Ich hatte letztens ein längeres Telefongespräch mit meiner Freundin. Wir haben uns natürlich auch über unsere Arbeit unterhalten und dabei festgestellt, dass es uns beiden gerade ähnlich geht. Sie ist körperlich und nervlich total fertig und ich auch. Allerdings kann ich es bei ihr sehr gut verstehen, da sie a) einen Vollzeitjob in einem Büro hat, b) noch ein Kind hat und c) noch bis Mitternacht am Computer sitzt, da sie einen Ebay-Shop hat, der auch viel Zeit in Anspruch nimmt.
Bei mir ist es aber so, dass ich auf meiner Arbeit keinen Stress habe.
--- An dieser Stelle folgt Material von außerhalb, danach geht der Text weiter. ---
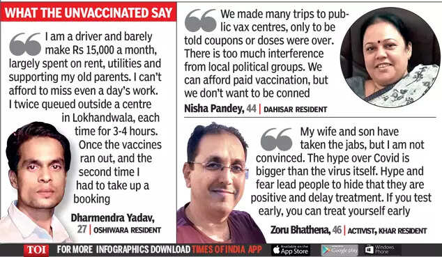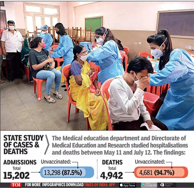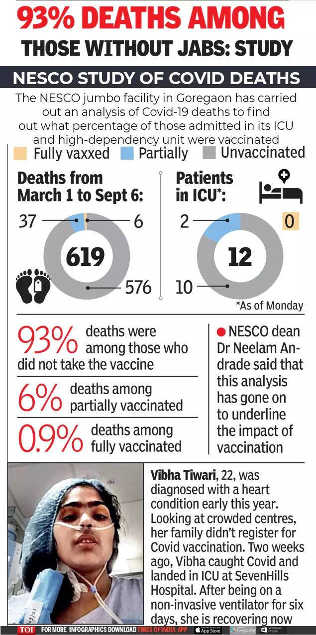 TOI spoke to families whose loved ones, mostly unimmunised, are fighting severe Covid. 68-year-old W D’Souza, who has Covid pneumonia, wasn’t keen on inoculation. Intensivist with SevenHills, Dr Viplove Jadhao, said everyone in his family had taken the shots but they couldn’t convince D’Souza to get jabbed. Abdul Aziz Ansari, husband of Nasim Bano (62), who is in the ICU at St George, said they had decided to get vaccinated on different days in case the side-effects were severe. While Ansari took a shot a month ago, Nasim hadn’t got hers when she developed Covid four days ago.

Gut, manchmal ist viel zu tun, aber derzeit ist es überwiegend ruhig, so dass man manchmal vor Langeweile schon nicht mal mehr weiß, was man im Internet noch machen könnte. Ich sitze zwar dann auch zu Hause bis abends noch am Computer, aber dafür hatte ich eben weniger auf der Arbeit zu tun.
Meine Freundin meinte aber, dass Langeweile auf der Arbeit auch Stress bedeuten kann. Ich habe allerdings nicht ganz verstanden, warum? Klar, es ist nervig, wenn die Zeit nicht vergeht, aber bedeutet das Stress? Was denkt Ihr darüber? Inwiefern kann es Stress bedeuten, wenn man auf der Arbeit wenig bis manchmal auch gar nichts zu tun hat?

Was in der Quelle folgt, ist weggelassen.